| name | LLMs.txt Format |
| description | Use this skill when the AI SEO agent needs to generate an llms.txt entry for a spec page, or when the deploy agent needs to update the site-wide llms.txt file. Documents the llms.txt standard, the entry format for robertrevans.com spec pages, and how individual page entries compose into the site-level index. |
| version | 0.1.0 |
LLMs.txt Format for Spec Pages
What llms.txt is
llms.txt is a site-level file that tells AI systems what content is on the site, where it lives, and what each page covers — in a format optimized for AI consumption rather than human reading or search crawler ranking.
The analogy is robots.txt: a simple, machine-readable file at the root of a site that gives AI systems structured direction rather than making them crawl and infer everything. Unlike robots.txt (which restricts access), llms.txt invites AI systems in and tells them exactly what they'll find.

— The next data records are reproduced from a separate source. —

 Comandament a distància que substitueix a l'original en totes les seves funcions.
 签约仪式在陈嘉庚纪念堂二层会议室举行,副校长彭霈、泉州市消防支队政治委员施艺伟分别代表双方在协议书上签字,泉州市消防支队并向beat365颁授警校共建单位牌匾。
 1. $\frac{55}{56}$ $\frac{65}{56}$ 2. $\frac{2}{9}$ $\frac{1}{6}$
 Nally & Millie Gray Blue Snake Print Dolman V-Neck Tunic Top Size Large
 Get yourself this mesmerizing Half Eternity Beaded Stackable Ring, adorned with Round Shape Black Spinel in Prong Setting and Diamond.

The standard is emerging (site: llmstxt.org). This skill defines how robertrevans.com implements it for spec pages.
Site-level file
The site-wide llms.txt lives at:
https://robertrevans.com/llms.txt
Local path:
[robertrevans.com project]/llms.txt
Every time a new spec page is deployed, the deploy agent appends a new entry to this file. The file grows monotonically — entries are never removed, only added.
Entry format
The llms.txt standard uses Markdown, not a custom key-value format. Each spec page produces one bullet-point entry. The format:
- [Concept Name](https://robertrevans.com/[category]/[page-name]/): [2-3 sentence factual description. What it is, how it works, who built it, what problem it solves.]
Rules:
- Description must be factual and specific. No marketing language.
- 2-3 sentences max. Lead with what it is, follow with how it works.

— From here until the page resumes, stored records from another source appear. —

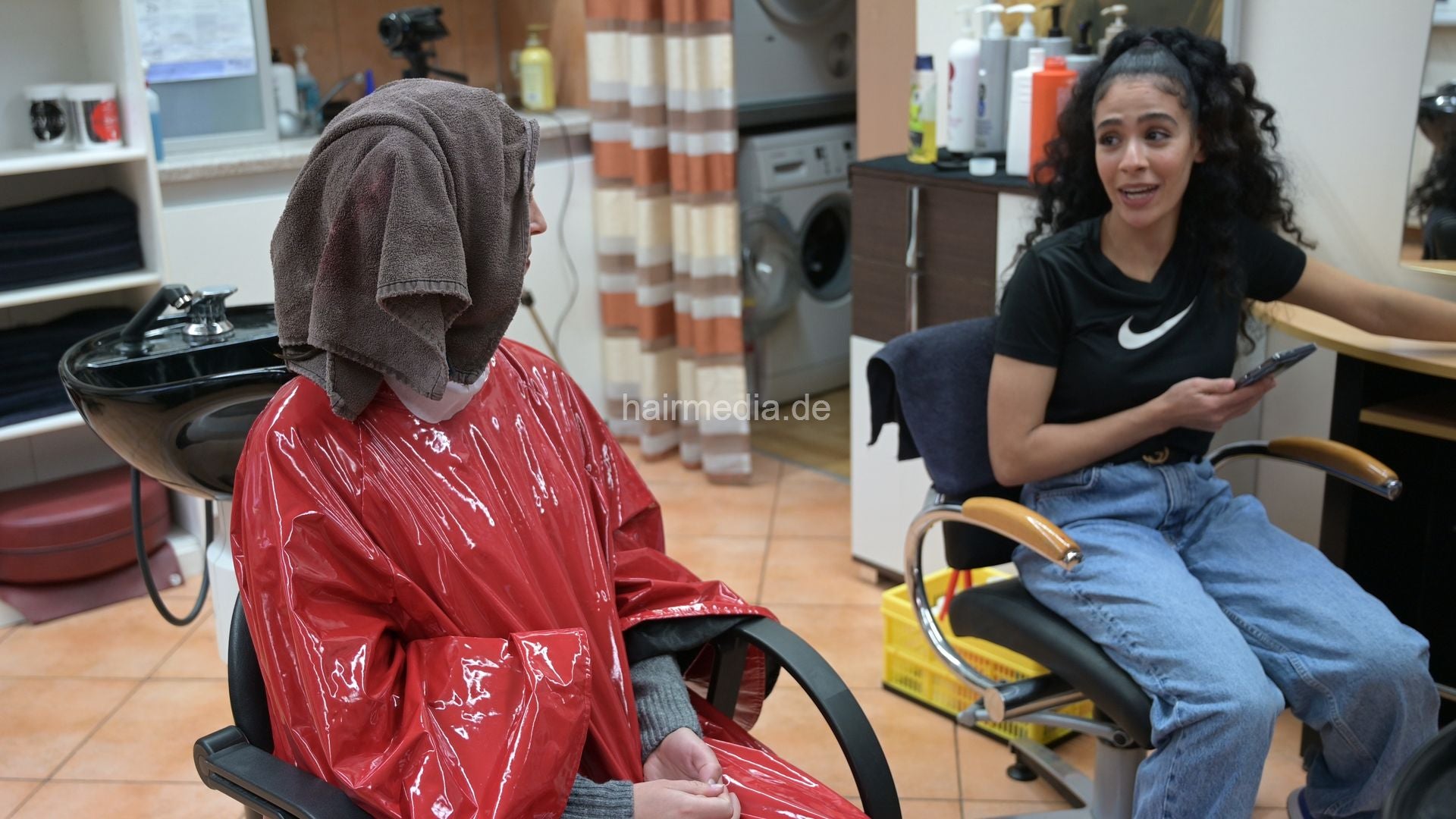 1171 Liesa 2 backward salon shampoo by Amal in red vinyl cape and neckstrip
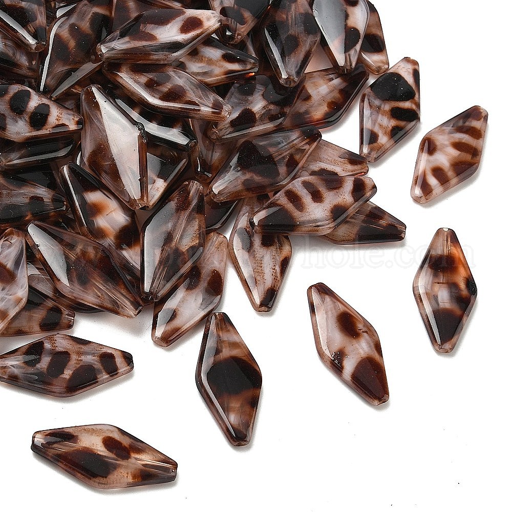 • Кокосово-Коричневый Непрозрачные акриловые бусины, имитирующие леопардовый принт, ромб, два тона, с блеском порошок, кокосового коричневый, 31x14.5x4.5 мм, отверстие : 1.8 мм, 460 шт / 500 г
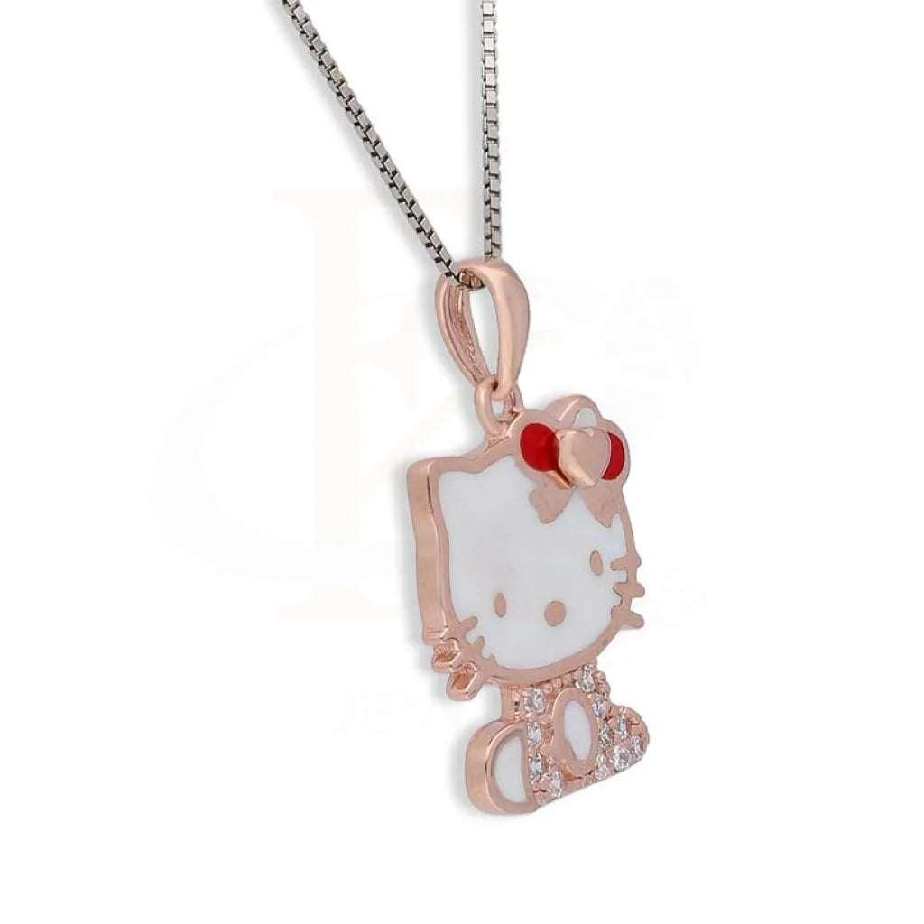 Sterling Silver 925 Rose Gold Plated Necklace (Chain with Hello Kitty Pendant) - FKJNKLSL3002

- Weave in the key questions the page answers — AI systems use this to decide whether the page is relevant to a query.
- All content required. No "TBD."
Example entry
- [Spec Page Agentic Team](https://robertrevans.com/specs/spec-page-agentic-team/): A Claude Code plugin that takes any idea, brief, or URL and produces a complete, deployed HTML spec page using a seven-agent pipeline — discovery, blueprint, build, code-review, SEO, AI SEO, and deploy. Built by Robert Evans. Covers: what the pipeline does, how each agent works, how to use the plugin, and how AI SEO differs from traditional SEO.
Site-level file structure
The full llms.txt file uses standard Markdown with H2 sections per category. When creating the file for the first time:
# Robert Evans — Specs, Tools, and Concepts
> CTO and systems builder publishing spec pages, tools, and architectural concepts at robertrevans.com. Each page is built on The Point CSS framework and optimized for both traditional SEO and AI discoverability.
## Specs
## Tools
## Concepts
H2 sections are created once and never removed. Entries accumulate under the right section monotonically — never edited, never deleted.
Where the AI SEO agent produces the entry
The AI SEO agent writes the entry artifact to:
docs/briefs/NNN-[concept-name]/NNN.07-llmstxt-[concept-name].txt
This file contains ONLY the entry block for this page (no header, no other entries). The deploy agent reads this file and appends it to the site-wide llms.txt.
What the deploy agent does with it
On deploy, after copying the HTML file, the deploy agent:
- Reads
NNN.07-llmstxt-[concept-name].txt (the bullet-point entry)
- Determines the category from the brief:
specs, tools, or concepts
- Finds the matching H2 section in
robertrevans.com/llms.txt (## Specs, ## Tools, or ## Concepts)
- Appends the bullet-point entry as a new line under that section
- If the section doesn't exist, creates it before appending
Never edits or removes existing entries. The file grows monotonically.
Note on adoption: As of mid-2026, no major LLM provider has confirmed crawling llms.txt files. The ROI is speculative. We generate it because the cost is low and it future-proofs the site — but this is not a primary optimization signal. Treat it as infrastructure, not strategy.
Relationship to AP annotations
The topics: field in the llms.txt entry should match the topic attribute values used in the AP reading layer annotations on the same page. They are two representations of the same information:
- AP annotations give AI agents precise XPath addresses within the page
- llms.txt gives AI systems a pre-extracted summary without needing to fetch the page at all
Together they mean: an AI system can answer questions about this page without fetching it (via llms.txt), and if it does fetch the page, it can navigate directly to any specific answer (via AP annotations).